##### Records supplied #####

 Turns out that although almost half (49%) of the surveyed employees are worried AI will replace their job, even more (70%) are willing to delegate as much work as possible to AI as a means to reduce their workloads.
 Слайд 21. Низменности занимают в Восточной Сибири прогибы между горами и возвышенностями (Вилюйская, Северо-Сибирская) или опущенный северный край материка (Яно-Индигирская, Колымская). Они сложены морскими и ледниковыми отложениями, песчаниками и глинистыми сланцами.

#####
##### Records supplied #####

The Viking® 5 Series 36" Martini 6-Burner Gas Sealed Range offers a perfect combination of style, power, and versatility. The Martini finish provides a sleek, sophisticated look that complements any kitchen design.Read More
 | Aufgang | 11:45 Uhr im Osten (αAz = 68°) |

#####

> **Exercise**:
Find "Turns out that" in the entries above and copy that whole line exactly, then each line after it through the line that contains "Слайд 21. Низменности".

> **Answer to this exercise**:
 Turns out that although almost half (49%) of the surveyed employees are worried AI will replace their job, even more (70%) are willing to delegate as much work as possible to AI as a means to reduce their workloads.
 Слайд 21. Низменности занимают в Восточной Сибири прогибы между горами и возвышенностями (Вилюйская, Северо-Сибирская) или опущенный северный край материка (Яно-Индигирская, Колымская). Они сложены морскими и ледниковыми отложениями, песчаниками и глинистыми сланцами.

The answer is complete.